Resolving Complex Regions:
Overlapping paired-end reads are particularly effective for tackling complex regions, repeats, and identifying structural variants.

Fragmentation and Library Preparation

DNA for sequencing is generally fragmented into smaller pieces averaging around 250 base pairs. These fragments are subsequently sequenced, which can be done as either single or paired-end reads.

Genome Assembly and Contigs

The assembly process begins with overlapping reads being combined to form contigs. Gaps between these contigs are filled using paired-end reads, which are instrumental in linking them together into scaffolds. Ultimately, the full genome assembly requires linking these scaffolds to their respective chromosomes.

Coverage and Sequencing Depth

Coverage:
This metric indicates how many reads cover a specific site in the genome. Average coverage across the entire genome is essential for assessing the quality of sequencing data.
Higher Coverage Implications:
Increased coverage reduces errors in sequencing and improves the accuracy of variant detection, leading to more reliable genomic interpretations.
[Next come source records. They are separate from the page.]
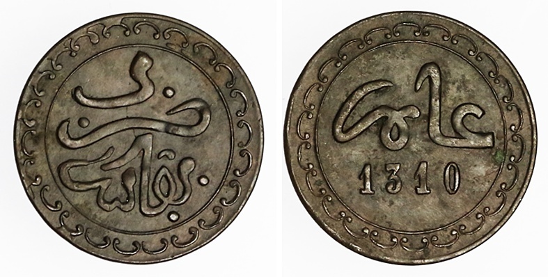 Morocco. Filali (`Alawi) Sharifs. Moulay al-Hasan I (AH 1290-1311/1873-1894 AD). ¼ Fals, Fes AH 1310. `am ("year") and date in circle, outer border of C designs, rev. Mint in same border. Y.C1. Rare. Tiny deposit. Extremely Fine.
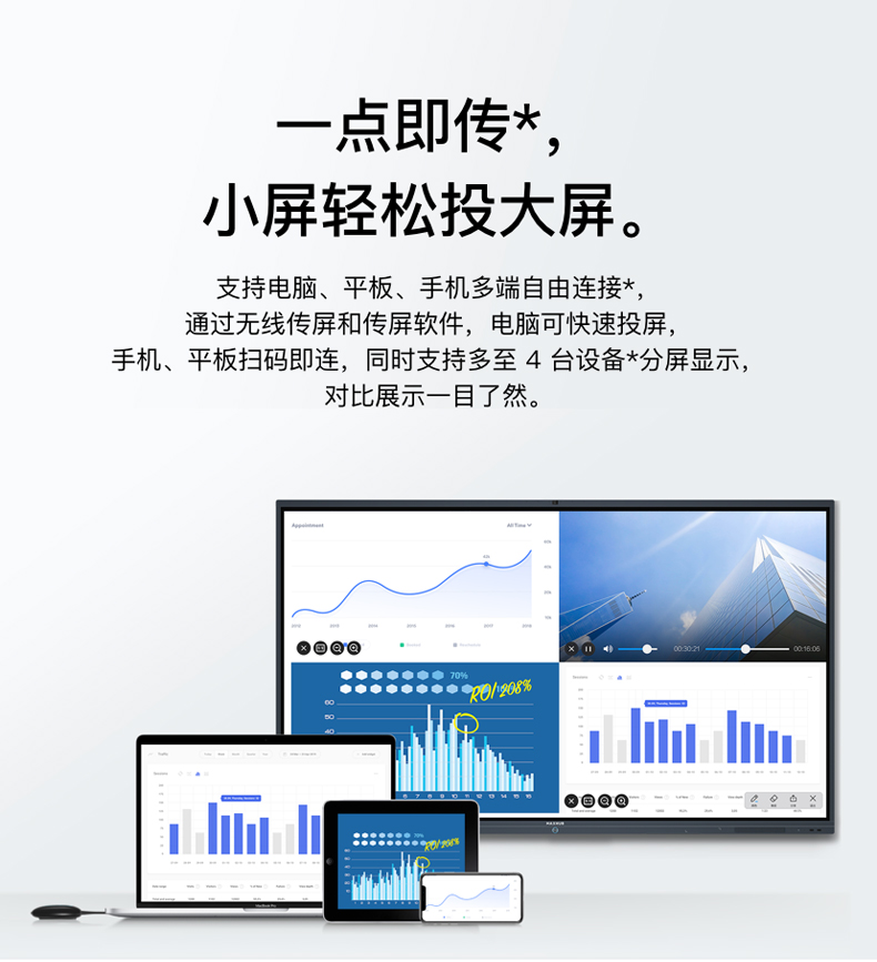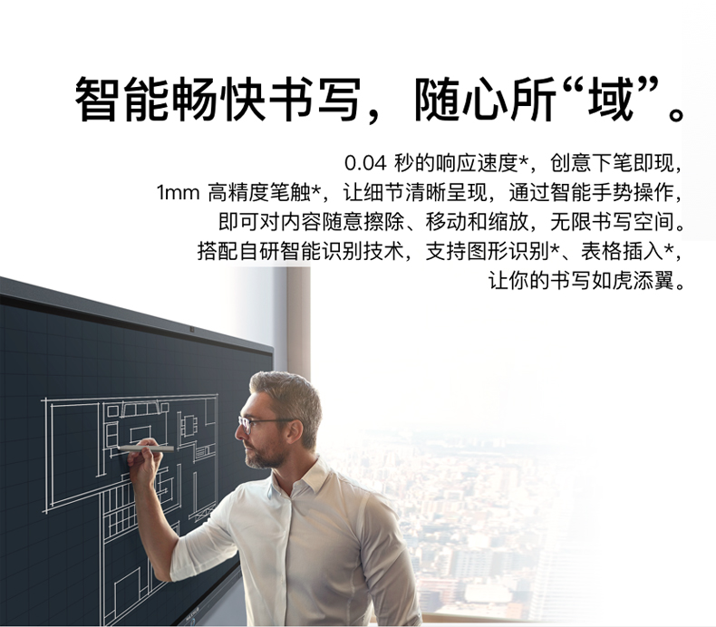 紅外+電磁雙控,4K高清, 無線傳屏,1024級壓力感應 0.5mm書寫精度 0.04s超快響應,智能圖表。55/65/75/86英寸
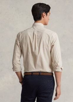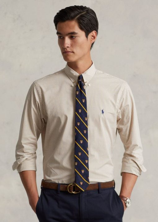 karcsú szabású gingham stretch poplin ing 268048814 férfiak Ralph Lauren vintage khaki/fehér
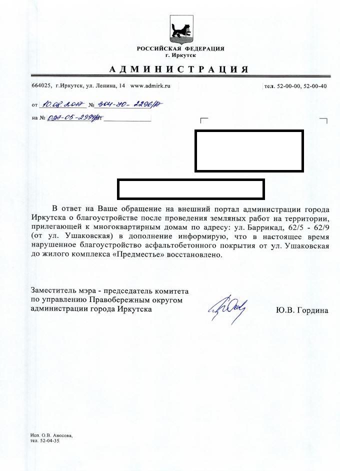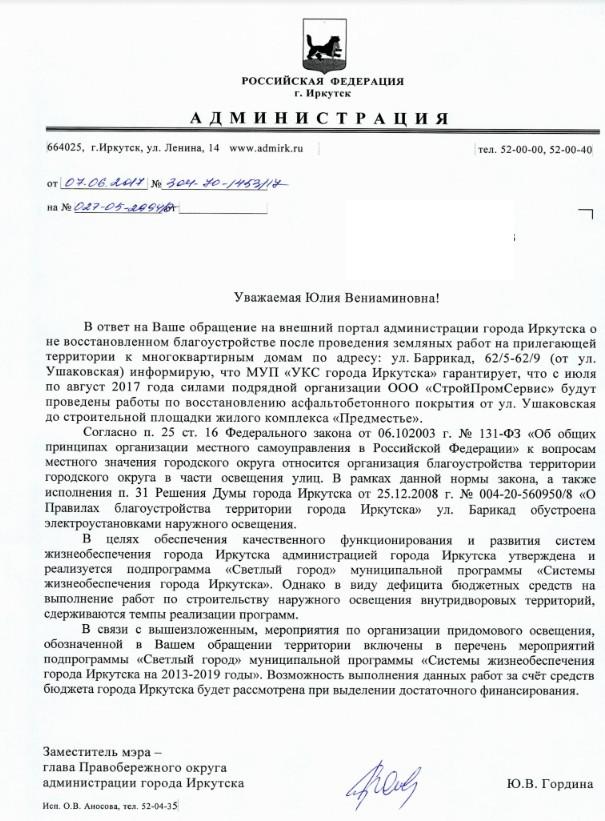 айГражданинОтправлено 22.05.2017: "Администрация города Иркутска"
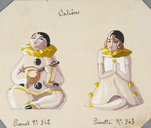 Collection Musée La Piscine Roubaix- Salière « Pierrot et Pierrette », Etude de motifs pour la manufacture de Desvres, 1920-1930, Gouache et encre
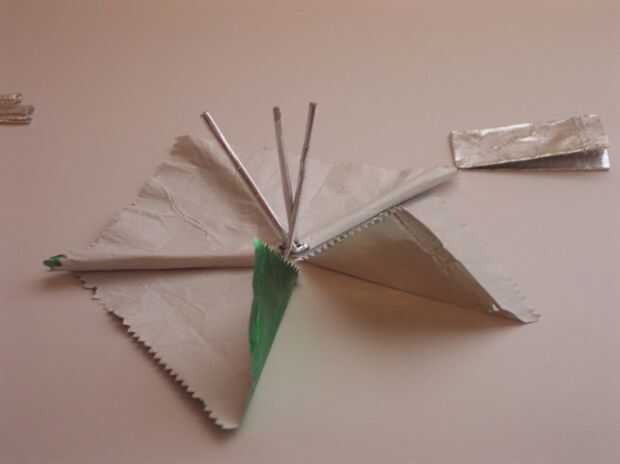 Son los palos que has usado para hacer los conectores debe estar en cada uno de los 3 conectores laminados. Necesita formar el centro de la sombrilla que conecta el mango con la parte superior. Vamos a utilizar estos palillos que sirven como las espinas con la parte superior vertical para hacer esa conexión. La mitad de la longitud de cada vara se utilizará para la columna vertebral, otro para la conexión al mango.

Re-sequencing and Targeted Sequencing

Re-sequencing:
This process involves aligning reads to a reference genome to identify and call variants.
Exome Sequencing:
Focused on the protein-coding regions of the genome, exome sequencing is a cost-effective method of capturing the most functionally relevant portions of the genome.
Targeted Sequencing:
Techniques like Fluorescence In Situ Hybridization (FISH) allow researchers to isolate specific genes of interest, such as those related to cancers, facilitating in-depth analyses of these critical regions.

RNA and Transcriptome Sequencing

RNA sequencing (RNA-seq) is employed to capture the array of expressed transcripts from a sample.

PolyA Selection:
This method is typically used to enrich for mRNA transcripts by selecting for the polyA tail common to eukaryotic mRNAs. Small RNAs, like microRNAs, necessitate alternative methods for sequencing due to their different characteristics.
Reverse Transcription:
This essential step involves converting RNA into complementary DNA (cDNA) in preparation for sequencing, allowing for analysis of gene expression patterns.
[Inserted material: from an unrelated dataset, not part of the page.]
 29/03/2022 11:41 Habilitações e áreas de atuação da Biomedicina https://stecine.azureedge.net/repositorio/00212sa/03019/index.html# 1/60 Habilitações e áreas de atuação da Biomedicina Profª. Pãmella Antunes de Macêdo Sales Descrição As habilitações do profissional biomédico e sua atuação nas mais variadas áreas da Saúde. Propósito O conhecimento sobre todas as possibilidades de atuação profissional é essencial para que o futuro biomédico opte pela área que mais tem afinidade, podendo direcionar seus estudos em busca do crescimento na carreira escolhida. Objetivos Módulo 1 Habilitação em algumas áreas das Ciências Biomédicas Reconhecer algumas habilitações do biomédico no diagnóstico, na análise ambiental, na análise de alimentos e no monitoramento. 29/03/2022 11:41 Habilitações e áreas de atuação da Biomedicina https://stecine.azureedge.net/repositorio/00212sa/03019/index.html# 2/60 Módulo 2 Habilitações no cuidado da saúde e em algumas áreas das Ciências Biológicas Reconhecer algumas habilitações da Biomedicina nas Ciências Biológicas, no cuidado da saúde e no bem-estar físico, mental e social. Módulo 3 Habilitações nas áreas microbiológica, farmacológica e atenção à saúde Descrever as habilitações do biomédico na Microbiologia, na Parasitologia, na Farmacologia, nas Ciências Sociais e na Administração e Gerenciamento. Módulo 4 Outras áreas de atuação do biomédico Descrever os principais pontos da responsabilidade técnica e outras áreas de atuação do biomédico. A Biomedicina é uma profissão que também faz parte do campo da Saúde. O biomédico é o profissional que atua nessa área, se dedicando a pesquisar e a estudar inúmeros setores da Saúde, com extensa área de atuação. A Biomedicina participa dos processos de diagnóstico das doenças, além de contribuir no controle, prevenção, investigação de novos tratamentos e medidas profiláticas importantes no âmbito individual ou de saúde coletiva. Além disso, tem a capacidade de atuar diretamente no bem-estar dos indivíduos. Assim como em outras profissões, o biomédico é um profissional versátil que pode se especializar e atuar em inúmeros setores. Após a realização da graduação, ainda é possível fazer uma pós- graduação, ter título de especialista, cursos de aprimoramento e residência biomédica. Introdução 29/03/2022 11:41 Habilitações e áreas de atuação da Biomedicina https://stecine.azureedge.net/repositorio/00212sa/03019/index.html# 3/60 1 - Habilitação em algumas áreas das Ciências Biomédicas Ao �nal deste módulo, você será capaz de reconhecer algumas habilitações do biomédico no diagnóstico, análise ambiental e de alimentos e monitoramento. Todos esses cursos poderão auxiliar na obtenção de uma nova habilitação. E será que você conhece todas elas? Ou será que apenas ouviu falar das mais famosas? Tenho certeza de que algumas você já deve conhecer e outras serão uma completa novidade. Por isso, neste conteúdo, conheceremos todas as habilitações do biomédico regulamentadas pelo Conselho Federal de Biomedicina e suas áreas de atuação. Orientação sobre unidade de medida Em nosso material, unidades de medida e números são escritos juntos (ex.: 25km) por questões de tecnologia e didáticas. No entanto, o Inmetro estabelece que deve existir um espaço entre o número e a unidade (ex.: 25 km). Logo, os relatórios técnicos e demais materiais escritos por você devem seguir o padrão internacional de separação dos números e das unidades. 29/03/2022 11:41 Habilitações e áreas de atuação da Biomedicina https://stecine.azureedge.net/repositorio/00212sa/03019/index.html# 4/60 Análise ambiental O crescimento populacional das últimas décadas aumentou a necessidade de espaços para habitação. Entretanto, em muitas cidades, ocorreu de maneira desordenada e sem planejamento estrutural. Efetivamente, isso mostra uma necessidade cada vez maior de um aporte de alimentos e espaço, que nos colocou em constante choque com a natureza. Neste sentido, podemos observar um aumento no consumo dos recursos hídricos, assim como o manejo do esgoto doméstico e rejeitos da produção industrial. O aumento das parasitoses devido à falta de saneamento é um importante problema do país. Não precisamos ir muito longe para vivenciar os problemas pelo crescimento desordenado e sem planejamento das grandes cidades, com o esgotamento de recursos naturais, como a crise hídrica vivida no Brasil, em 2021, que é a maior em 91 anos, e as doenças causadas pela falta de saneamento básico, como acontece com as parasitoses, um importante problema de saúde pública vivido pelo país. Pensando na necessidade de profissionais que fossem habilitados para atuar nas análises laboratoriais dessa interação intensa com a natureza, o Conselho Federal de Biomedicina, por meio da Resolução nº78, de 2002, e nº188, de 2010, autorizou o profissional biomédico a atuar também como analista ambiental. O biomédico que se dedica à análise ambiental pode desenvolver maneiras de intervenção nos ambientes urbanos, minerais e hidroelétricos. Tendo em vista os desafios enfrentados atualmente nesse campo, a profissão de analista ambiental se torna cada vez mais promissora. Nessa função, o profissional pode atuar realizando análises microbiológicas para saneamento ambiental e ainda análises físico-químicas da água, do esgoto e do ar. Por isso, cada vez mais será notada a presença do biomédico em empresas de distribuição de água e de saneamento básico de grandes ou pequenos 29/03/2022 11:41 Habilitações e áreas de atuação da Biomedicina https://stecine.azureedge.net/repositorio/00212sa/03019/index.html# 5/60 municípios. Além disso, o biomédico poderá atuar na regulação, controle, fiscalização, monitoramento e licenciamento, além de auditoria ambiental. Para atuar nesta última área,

ChIP-seq and Epigenetic Profiling

Chromatin Immunoprecipitation sequencing (ChIP-seq) is a method that investigates chromatin modifications and protein-DNA interactions throughout the genome.

Regulatory Regions:
The data gathered from ChIP-seq reveal critical regulatory regions, such as promoters and enhancers that influence gene expression.
Methylation Sequencing:
This technique specifically assesses DNA methylation patterns, which also play a substantial role in gene expression regulation and can affect cellular behavior and development.

Single-Cell Sequencing and Mutation Calling

Recent advancements in single-cell sequencing technologies allow for detailed mutation profiling at the cellular level, which is crucial for understanding tumor heterogeneity and the biology of various diseases.